2) Zu wenige Amplifikationszyklen.
3) Geringe Effizienz der Reagenzverstärkung (kleiner Ct, kann aber auch kein Plateau erreichen).
Lösungen:
1) Erhöhen Sie die Konzentration der Vorlage.
2) Erhöhen Sie die Anzahl der Zyklen.
3) Erhöhung des Mg2+ Konzentration.
2.6 Verstärkungskurve linearer Verlauf Plateau Absacken
Abbildung 7. Amplifikationsdiagramm
Mögliche Ursachen:
1) Vorhandensein von Degradation (Degradation des Amplifikationsprodukts, SYBR-Degradation).
2) Der Röhrchendeckel ist nicht richtig verschlossen und das Reagenz verflüchtigt sich.

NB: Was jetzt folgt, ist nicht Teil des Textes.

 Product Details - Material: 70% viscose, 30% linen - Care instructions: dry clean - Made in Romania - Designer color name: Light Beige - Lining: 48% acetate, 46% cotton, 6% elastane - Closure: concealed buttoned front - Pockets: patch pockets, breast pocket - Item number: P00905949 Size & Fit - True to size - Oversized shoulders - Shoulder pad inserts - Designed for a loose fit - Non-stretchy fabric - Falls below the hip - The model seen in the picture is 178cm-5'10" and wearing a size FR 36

3) Die cDNA-Konzentration ist zu hoch (wenn der Ct-Wert zu niedrig ist, wird die Fluoreszenzschwelle zu hoch angesetzt und das Absacken ist stärker).
4) Luftblasen im Rohr, dann verschwinden sie.
Lösungen:
1) Verbessern Sie die Systemreinheit.
2) Reduzieren Sie die cDNA-Menge (verdünnen Sie die Vorlage).
3) Verringern Sie den Endpunkt der Basislinie.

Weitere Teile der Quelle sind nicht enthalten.